● DATA TO PROCESS

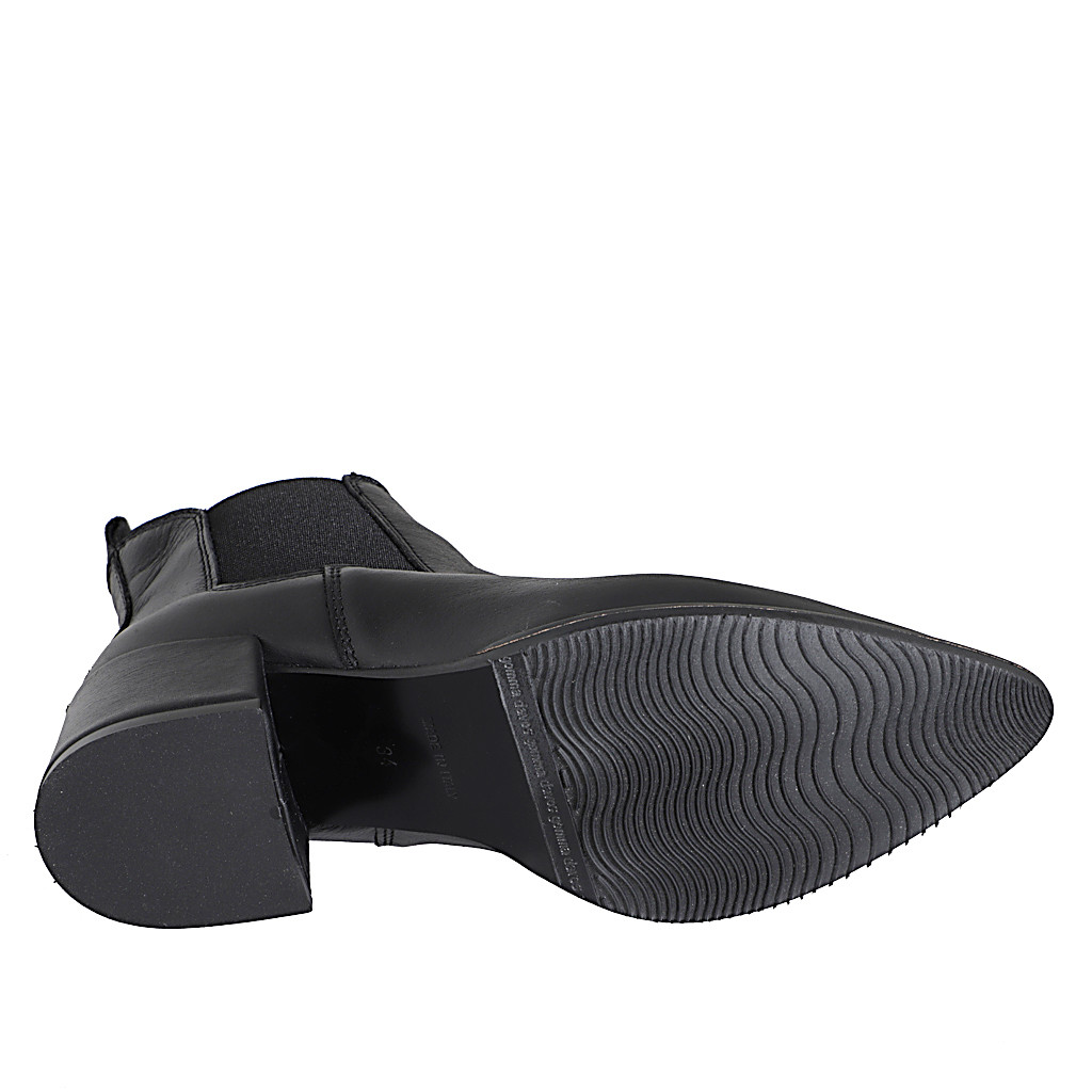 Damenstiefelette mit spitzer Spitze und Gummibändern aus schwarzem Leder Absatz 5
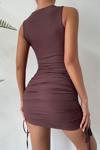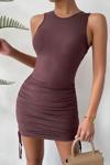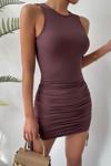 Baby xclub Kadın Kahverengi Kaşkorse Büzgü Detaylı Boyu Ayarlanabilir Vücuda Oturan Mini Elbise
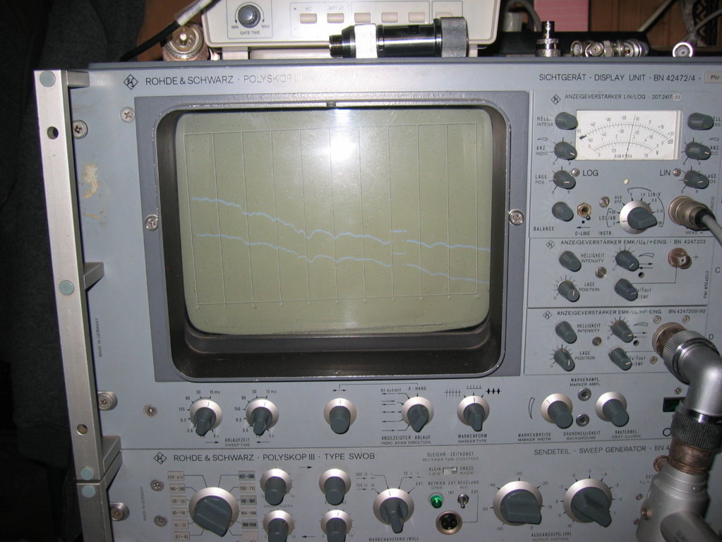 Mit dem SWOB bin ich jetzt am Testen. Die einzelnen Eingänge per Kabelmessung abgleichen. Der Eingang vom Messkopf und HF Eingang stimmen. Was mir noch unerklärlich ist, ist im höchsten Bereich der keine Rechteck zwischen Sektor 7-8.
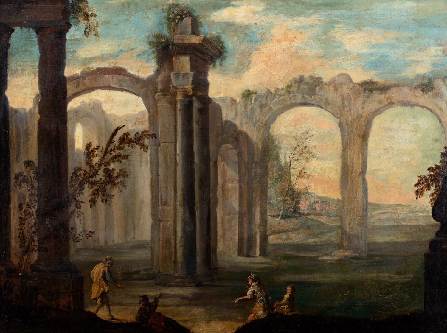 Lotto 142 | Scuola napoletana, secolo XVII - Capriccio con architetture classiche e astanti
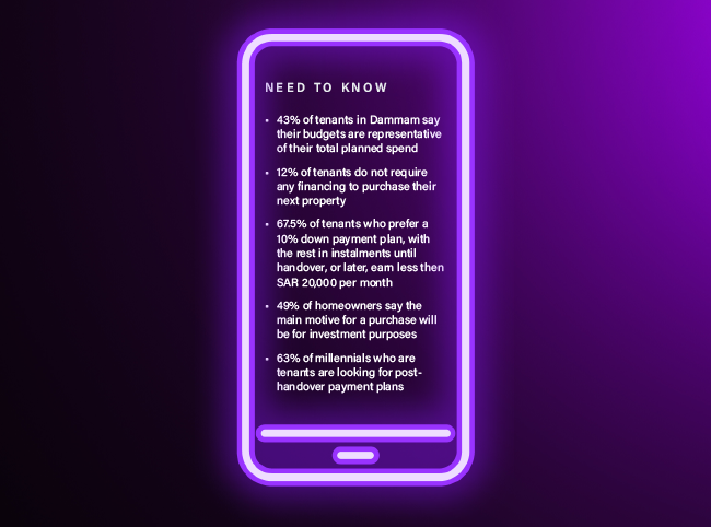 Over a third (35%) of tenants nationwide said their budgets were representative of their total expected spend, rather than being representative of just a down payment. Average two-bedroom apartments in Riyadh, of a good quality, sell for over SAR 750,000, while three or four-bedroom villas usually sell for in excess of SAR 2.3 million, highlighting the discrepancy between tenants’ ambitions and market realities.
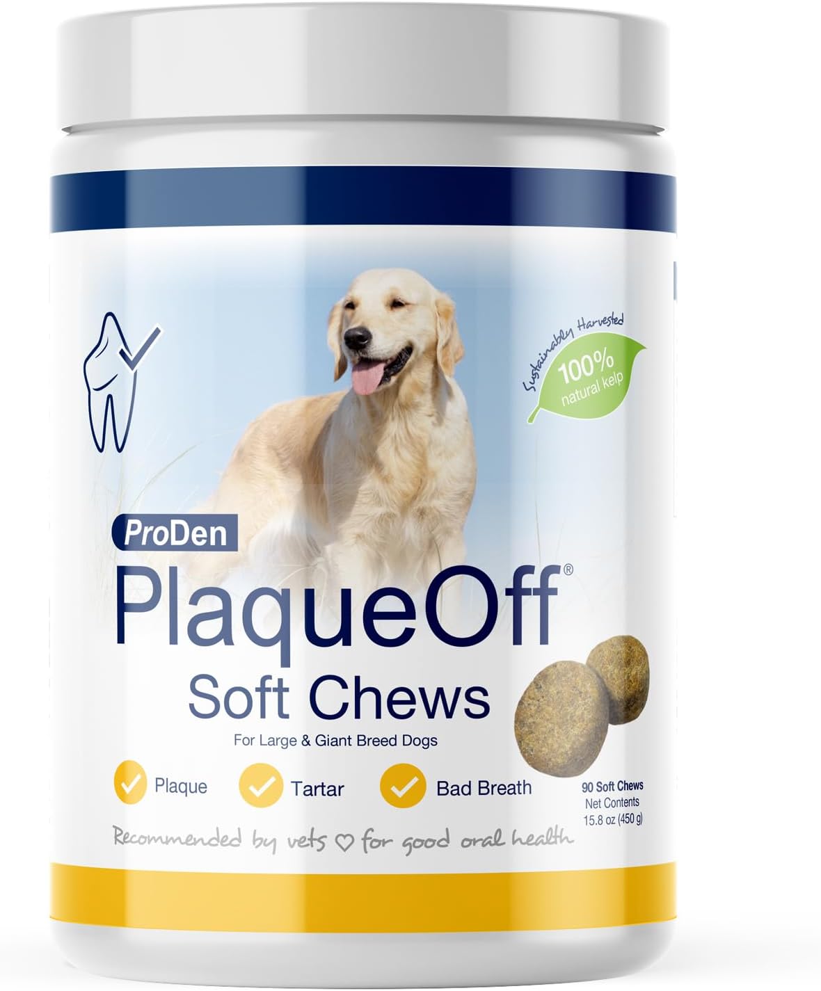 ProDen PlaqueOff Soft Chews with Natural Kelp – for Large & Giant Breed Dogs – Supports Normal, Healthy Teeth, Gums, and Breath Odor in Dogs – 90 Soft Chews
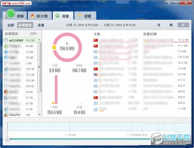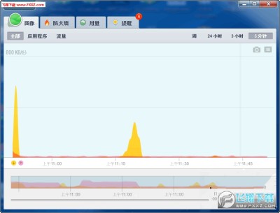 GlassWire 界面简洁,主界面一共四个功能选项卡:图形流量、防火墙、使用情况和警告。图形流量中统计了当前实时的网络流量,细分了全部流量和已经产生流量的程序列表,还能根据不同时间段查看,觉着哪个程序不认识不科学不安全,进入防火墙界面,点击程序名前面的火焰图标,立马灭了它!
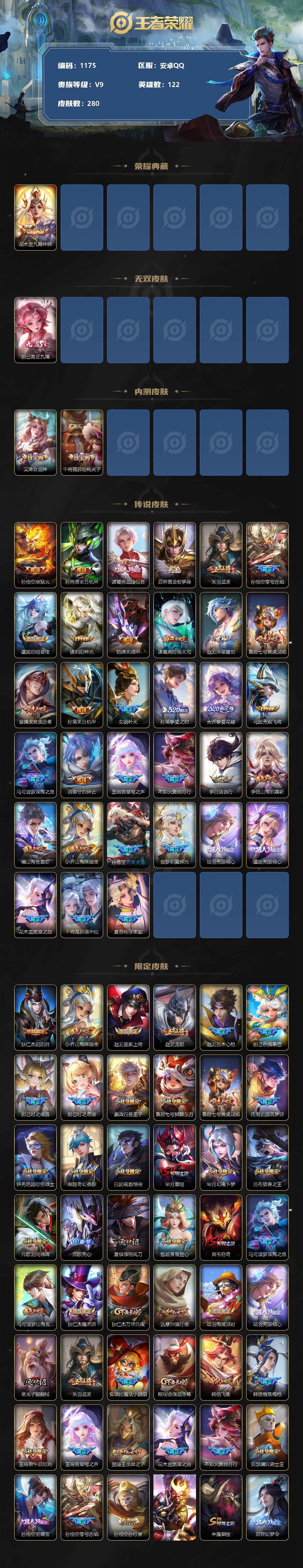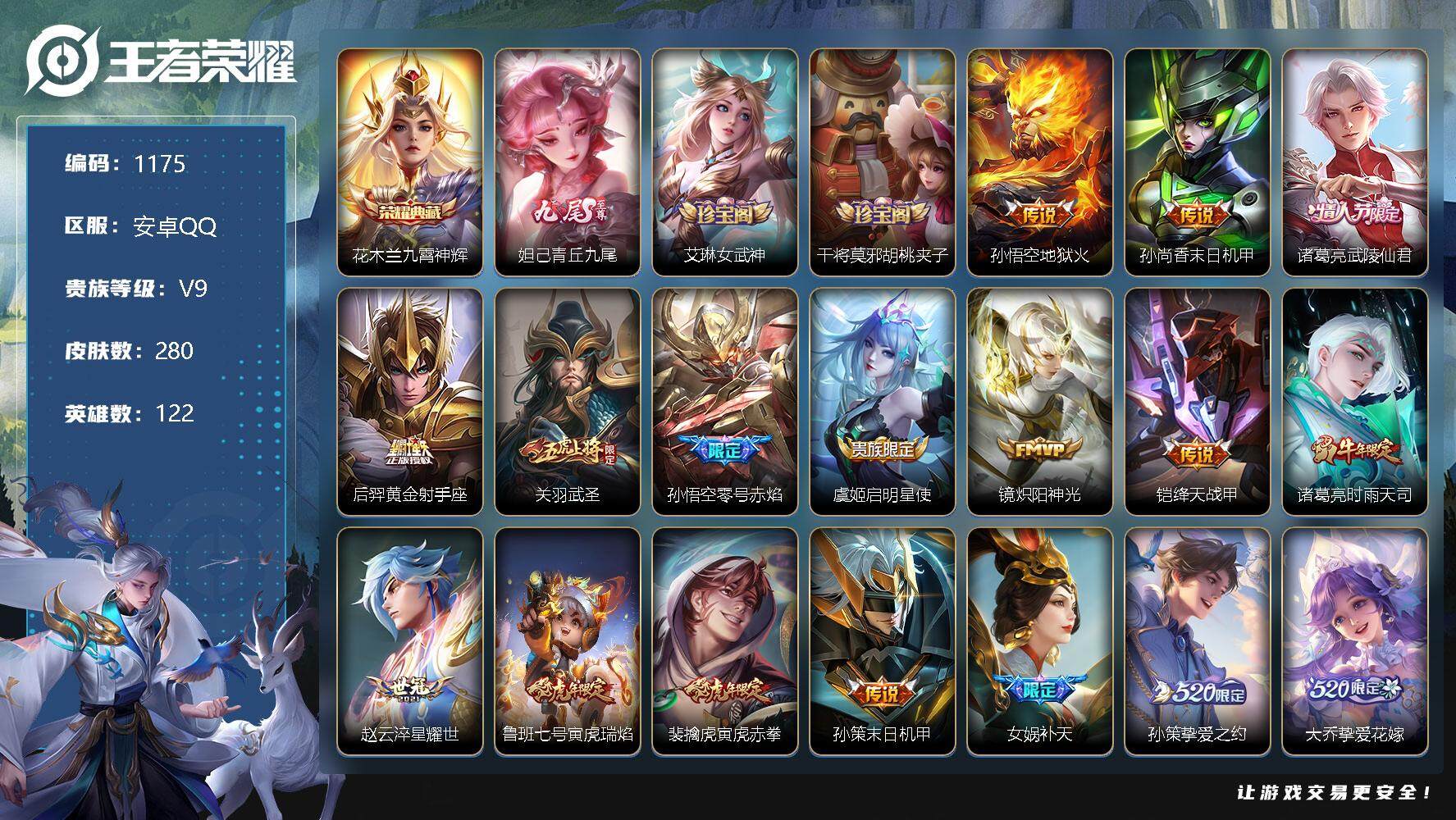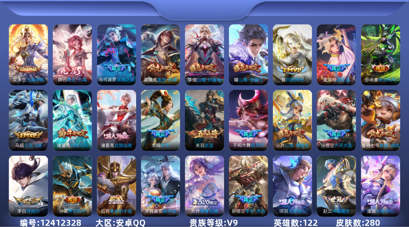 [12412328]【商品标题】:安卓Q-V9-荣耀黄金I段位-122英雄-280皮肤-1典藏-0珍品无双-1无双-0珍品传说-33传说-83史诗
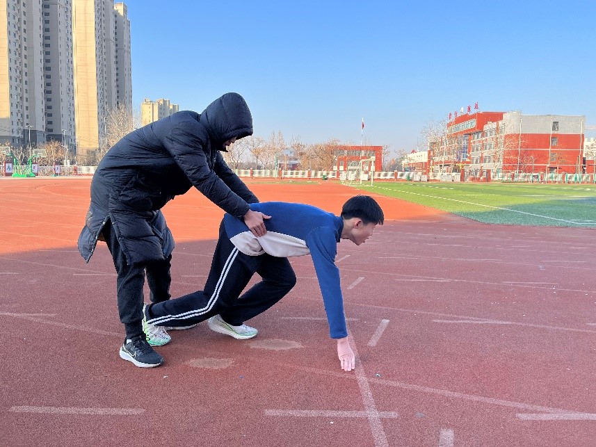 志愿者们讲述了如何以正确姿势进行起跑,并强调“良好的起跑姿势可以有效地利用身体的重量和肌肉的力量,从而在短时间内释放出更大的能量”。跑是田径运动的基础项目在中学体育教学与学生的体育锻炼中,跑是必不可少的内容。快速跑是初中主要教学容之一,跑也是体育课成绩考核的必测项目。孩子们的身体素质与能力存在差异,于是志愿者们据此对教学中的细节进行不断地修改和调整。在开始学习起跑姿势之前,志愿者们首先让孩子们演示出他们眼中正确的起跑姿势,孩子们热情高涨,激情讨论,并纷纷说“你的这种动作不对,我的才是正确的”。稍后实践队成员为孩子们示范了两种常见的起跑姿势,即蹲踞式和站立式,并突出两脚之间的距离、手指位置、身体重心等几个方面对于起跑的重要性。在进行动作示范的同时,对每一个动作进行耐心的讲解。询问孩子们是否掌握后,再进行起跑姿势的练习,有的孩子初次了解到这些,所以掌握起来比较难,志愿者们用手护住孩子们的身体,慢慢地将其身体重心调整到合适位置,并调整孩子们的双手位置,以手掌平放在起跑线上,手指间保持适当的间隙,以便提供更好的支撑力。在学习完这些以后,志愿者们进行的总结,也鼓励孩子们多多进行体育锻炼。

● EXERCISE BRIEF
For every record above, repeat the text exactly and omit any picture.

● RESPONSE
 Damenstiefelette mit spitzer Spitze und Gummibändern aus schwarzem Leder Absatz 5
 Baby xclub Kadın Kahverengi Kaşkorse Büzgü Detaylı Boyu Ayarlanabilir Vücuda Oturan Mini Elbise
 Mit dem SWOB bin ich jetzt am Testen. Die einzelnen Eingänge per Kabelmessung abgleichen. Der Eingang vom Messkopf und HF Eingang stimmen. Was mir noch unerklärlich ist, ist im höchsten Bereich der keine Rechteck zwischen Sektor 7-8.
 Lotto 142 | Scuola napoletana, secolo XVII - Capriccio con architetture classiche e astanti
 Over a third (35%) of tenants nationwide said their budgets were representative of their total expected spend, rather than being representative of just a down payment. Average two-bedroom apartments in Riyadh, of a good quality, sell for over SAR 750,000, while three or four-bedroom villas usually sell for in excess of SAR 2.3 million, highlighting the discrepancy between tenants’ ambitions and market realities.
 ProDen PlaqueOff Soft Chews with Natural Kelp – for Large & Giant Breed Dogs – Supports Normal, Healthy Teeth, Gums, and Breath Odor in Dogs – 90 Soft Chews
 GlassWire 界面简洁,主界面一共四个功能选项卡:图形流量、防火墙、使用情况和警告。图形流量中统计了当前实时的网络流量,细分了全部流量和已经产生流量的程序列表,还能根据不同时间段查看,觉着哪个程序不认识不科学不安全,进入防火墙界面,点击程序名前面的火焰图标,立马灭了它!
 [12412328]【商品标题】:安卓Q-V9-荣耀黄金I段位-122英雄-280皮肤-1典藏-0珍品无双-1无双-0珍品传说-33传说-83史诗
 志愿者们讲述了如何以正确姿势进行起跑,并强调“良好的起跑姿势可以有效地利用身体的重量和肌肉的力量,从而在短时间内释放出更大的能量”。跑是田径运动的基础项目在中学体育教学与学生的体育锻炼中,跑是必不可少的内容。快速跑是初中主要教学容之一,跑也是体育课成绩考核的必测项目。孩子们的身体素质与能力存在差异,于是志愿者们据此对教学中的细节进行不断地修改和调整。在开始学习起跑姿势之前,志愿者们首先让孩子们演示出他们眼中正确的起跑姿势,孩子们热情高涨,激情讨论,并纷纷说“你的这种动作不对,我的才是正确的”。稍后实践队成员为孩子们示范了两种常见的起跑姿势,即蹲踞式和站立式,并突出两脚之间的距离、手指位置、身体重心等几个方面对于起跑的重要性。在进行动作示范的同时,对每一个动作进行耐心的讲解。询问孩子们是否掌握后,再进行起跑姿势的练习,有的孩子初次了解到这些,所以掌握起来比较难,志愿者们用手护住孩子们的身体,慢慢地将其身体重心调整到合适位置,并调整孩子们的双手位置,以手掌平放在起跑线上,手指间保持适当的间隙,以便提供更好的支撑力。在学习完这些以后,志愿者们进行的总结,也鼓励孩子们多多进行体育锻炼。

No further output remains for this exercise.